Yönetmeliğe “Tarımsal Üretim Planlaması Yönetmeliği “adının verilmesi baştan yanlış olup konuyu planlama haline getirenler üretim planlaması ile ürün planlaması kavramlarını birbirlerine karıştırmışlardır.

“Tarımsal Üretim Planlaması Yönetmeliği ”nin 13. Madde 3. ve 4. Bendleri gereğince ihraç değeri yüksek meyvelerin üretimi kısıtlanmakta, yasaklanmaktadır.

3. maddede yer alan % 6 altında eğime sahip alanlarda meyve dikilmemesi kararı astropikal meyveleri soğuk/serin kara ikliminin hâkim olduğu yaylalar dikiniz, gibi bir bilim dışı safsatayı hâkim kılmaya çalışmakla izah edilebilir.

Yönetmelikte sadece il teknik kurulları 12 kamu görevlisine karşılık olarak 5 adet sivil toplum ve mesleki örgüt temsilcisinden oluşmaktadır ki tüm gelişmiş ülkelerde tarım planlaması kooperatif, üretici birliği gibi yapılara devredilirken bizde devlet memuru zihniyetin teslim edilmesi tarımın korunması, gelişmesi önündeki engellerden birisi olarak karşımıza çıkmaktadır.

Türkiye iklim ve yeryüzü bilimsel verileri, iklim özellikleri, meyve doğal coğrafyası, üretici bilgi altyapısı ve ihtisaslaşma özellikleri dikkat alınmadan hazırlanan bu yönetmelik bilimsel gerçeklere, üretici davranışlarına uymamaktadır. 

Meyve ağacının farklı tarımsal desteklerinden yararlanmak isteyen üreticileri başka bölgelere meyve yetiştiriciliğine göndermeyi akla getiren bu yönetmelik meyvecilik için % 6 meyil şartı ile neredeyse düz ve verimli ovalarda meyvecilik yapabilmek için teraslama şartı getirmektedir ki bu da tamamen bilim dışılıktır.
En fazla ihracat geliri sağlayan meyve çeşitlerine kısıtlama ve yasaklama getirilirken cari açığa, beslenme ve sağlık bilimlerine Türk ekonomisine verilecek zararlar hesaplanmamıştır.

Bu planlama ile incir, kayısı ve fındıkta dünya lideri olduğumuz gibi tüm tarım ürünlerinde liderliği hedeflememiz gerekirken, lider olduğumuz ürünlerde konumumuzu kaybettirecek bir planlama ortaya konulmuştur.

Bu planlama orta vadede Türkiye’yi pek çok tarım ürününde olduğu gibi meyvede de ithalatçı bir ülke konumuna sokacaktır.

İhracat getirisi yüksek ürünleri toptancı bir anlayışla tek kalemde yasaklamak plansızlığın bir örneğidir.

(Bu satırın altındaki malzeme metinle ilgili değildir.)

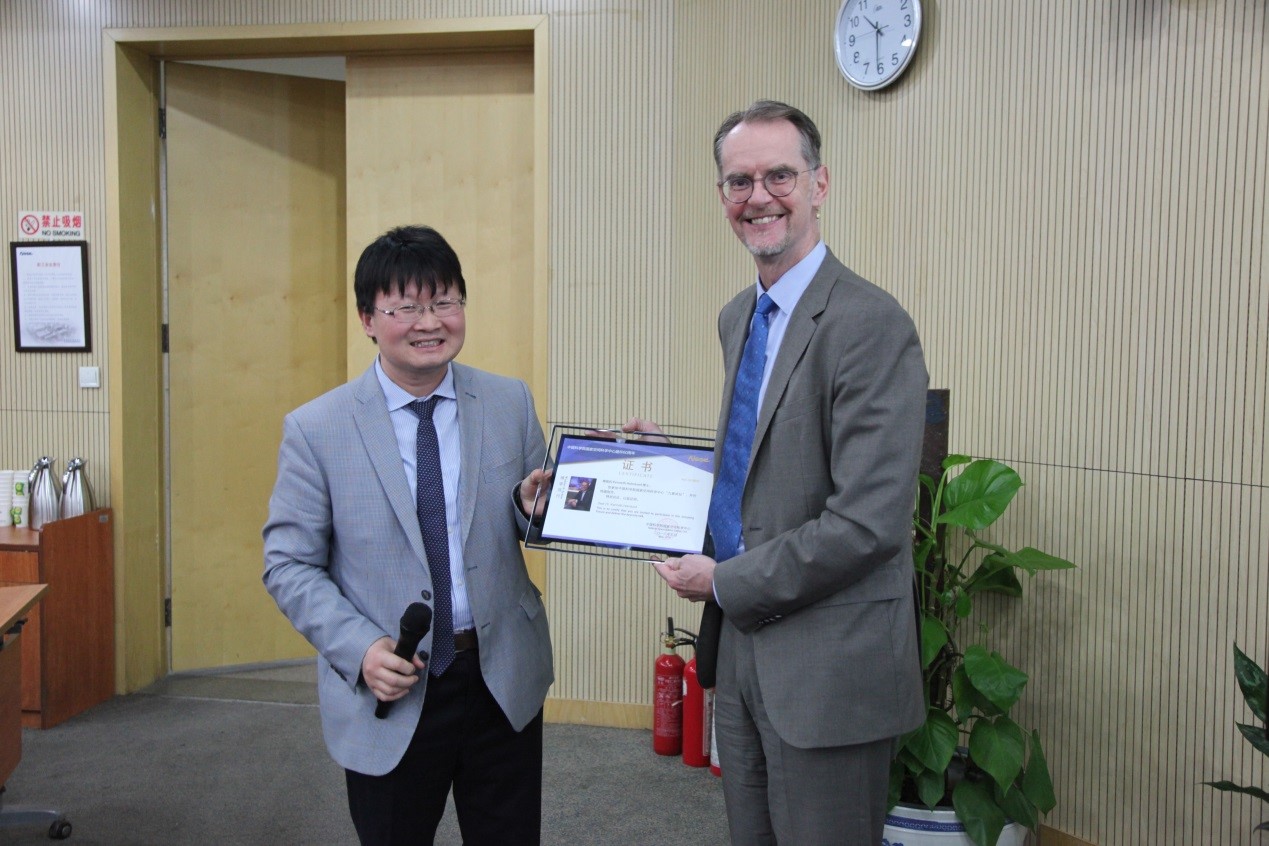 现场气氛热烈,科研人员和学生向Kenneth Holmlund 博士踊跃提问,他一一详细解答。报告结束后,董晓龙副主任代表国家空间科学中心向Kenneth Holmlund 博士颁发了荣誉证书。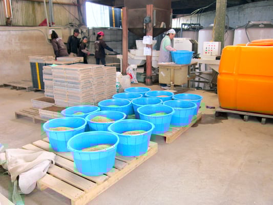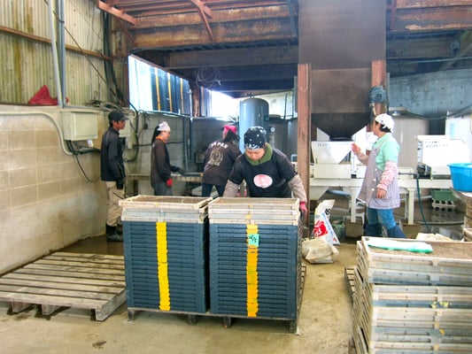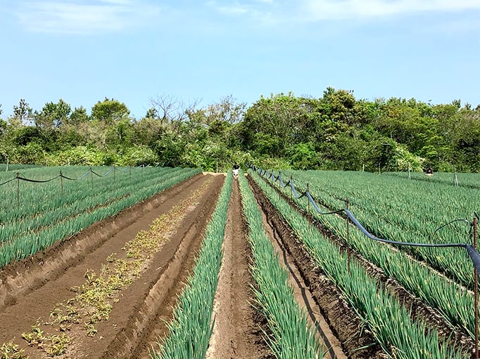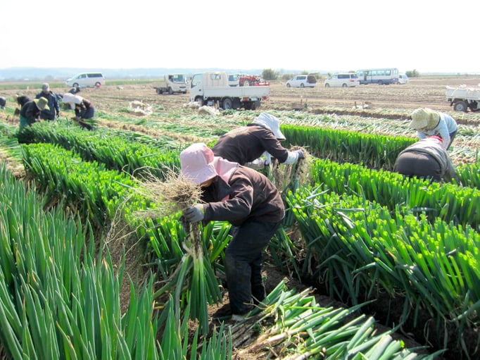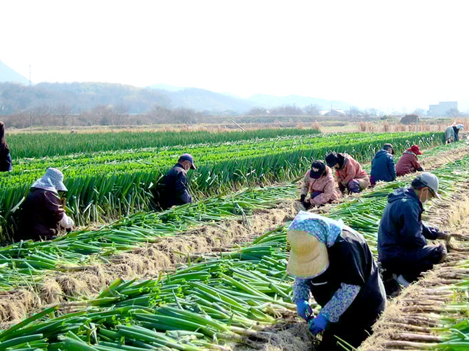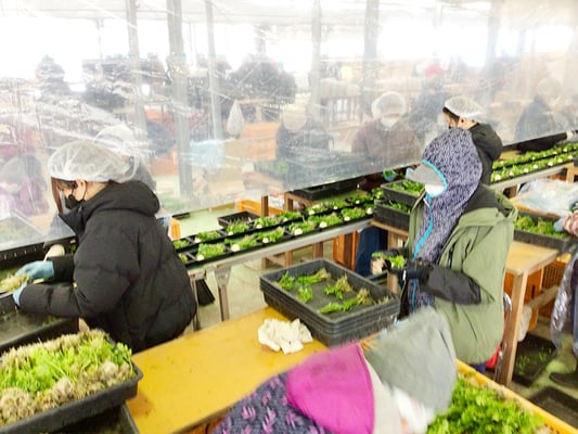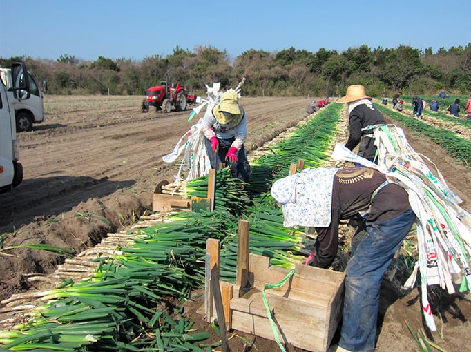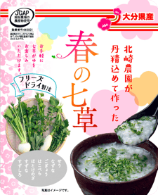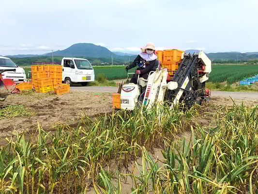 北崎農園は露地とハウス合わせて約10ヘクタールの農園で、年間売り上げの6割を占める七草の生産・加工販売や水稲苗育苗、にんにく栽培、白ネギを生産しています。また自社加工商品『黒にんみつ』を販売しております。

Planlama cehaletinin bariz bir dogmasıdır. Gerçekte ise üretim fazlası, arzın fazla olduğu, (yeterlilik oranları yüksek ) meyveleri yasaklamak yerine Tarım ve Orman Bakanlığının ihracata uygun meyve türlerine destek vermesi daha akıllıca bir davranış olacaktır.

İhracata uygun türlerin hangi havzalarda yetiştirileceği daha bilimsel bir karar olacaktır.